В "Сестре Беатрисе" Комиссаржевская играла не спор любви с религией и не противопоставление, - характерное для мировоззрения Метерлинка, - мадонны, полной покоя, мира, отрешённости от земного, и мятежной, страстной Беатрисы, жестоко наказанной за дерзновенность. Нет, Комиссаржевская раскрывала не этот реакционный призыв к покою и бездействию. Вырываясь из мистико-религиозного тумана пьесы, Комиссаржевская играла своё, свою тему, любимую тему своего творчества: трагедию чистой, благородной женской любви в безжалостном капиталистическом мире. Этот образ Комиссаржевская играла, лишь отталкиваясь от пьесы Метерлинка, но не сливаясь с замыслом автора, не воплощая его. А когда Комиссаржевская - Беатриса произносила слова, бог весть каким путём залетевшие в пьесу Метерлинка, о том, что она, Беатриса, продавала своё тело, а утратив его красоту, вынуждена была продавать свои руки, о том, как она убила своего ребёнка, чтобы задушить его голодный плач, - во всём этом звучал отнюдь не метерлинковский условный иллюзорный мир, а конкретная действительность окружающего капиталистического мира.

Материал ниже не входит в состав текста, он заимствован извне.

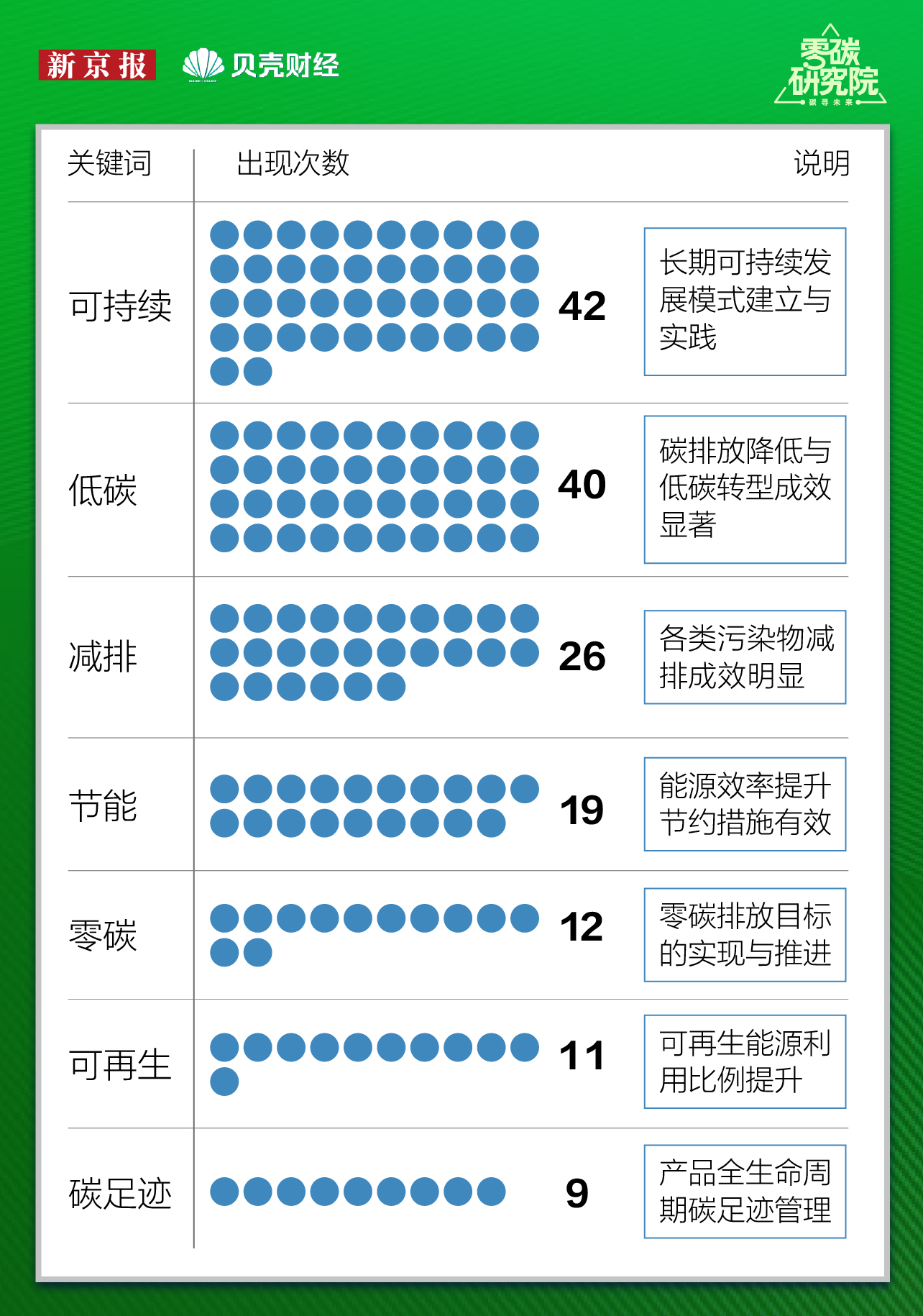 关键词分析显示,“可持续”出现42次,“低碳”40次,“减排”26次,表明可持续发展和低碳转型已成为企业共识。在减排节能方面,“节能”出现19次,“零碳”12次,“可再生”11次,“碳足迹”9次,反映企业正从能源结构优化延伸到全生命周期碳管理。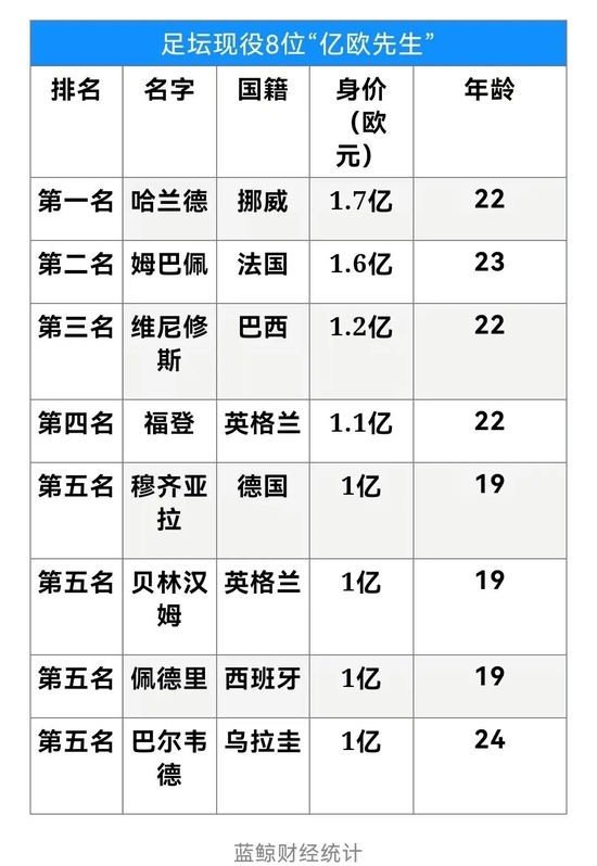 那些在绿荫场上厮杀球员,背地里早已被明码标价,对于一个职业球员来说,影响力往往与商业价值成正比,梅西也不例外。2018年是梅西身价最高峰,彼时身价为1.8亿欧元效力巴塞罗那俱乐部。2022年梅西的身价是5000万欧元,也是因为年纪偏大,身价比巅峰期跌去许多。数据显示,当今足坛身价最高的是“挪威魔人”哈兰德,高达1.7亿欧元,法国国脚姆巴佩以1.6以欧的身价排在第二位。

"…Несмотря на всю невыгоду положения, созданную и автором и режиссёром, - писал об этом спектакле А. В. Луначарский ("Образование", 1906, № 12), - г-жа Комиссаржевская вырвалась из всяких пут и схватила за сердца интонацией мятежа и неизбывной скорби. Эти злые нотки, эти бьющиеся в судорогах диссонансы провещали нам всё-таки со сцены, что всё это басня, мадонны сходят с пьедесталов только в глухих монастырях вашего воображения, а там, вернее, здесь, среди нас, и огромном мире, свирепствует чудовищный разврат, и тысячи Беатрис предают за кусок хлеба своё счастье, своё тело и детей своих на попрание и растление. И бог не дрогнет в небе, и богоматерь не осенит их святым своим покровом, и надеяться им можно только на собственный мятеж, мятеж эксплуатируемых против эксплуататоров".
Роль Беатрисы несёт в себе для исполнительницы едва преодолимую трудность. В каждом из трёх действий актриса должна играть другой жанр и другой образ, несхожие с жанром и образами остальных действий. В первом действии - идиллия, и Беатриса предстаёт совсем юной, почти девочкой. Во втором действии - сказка, и вместо Беатрисы на сцене действует сказочное существо, принявшее образ убежавшей Беатрисы. И наконец в третьем действии - трагедия: Беатриса - старая, умирающая блудница, истерзанная жизнью. Для перевоплощения мало простора и материала, так как действия очень коротки (весь спектакль длился часа полтора), каждое действие состоит из одного монолога самой Беатрисы и одной-двух сцен её с другими персонажами, причём в иных из этих сцен Беатриса не произносит ни одного слова.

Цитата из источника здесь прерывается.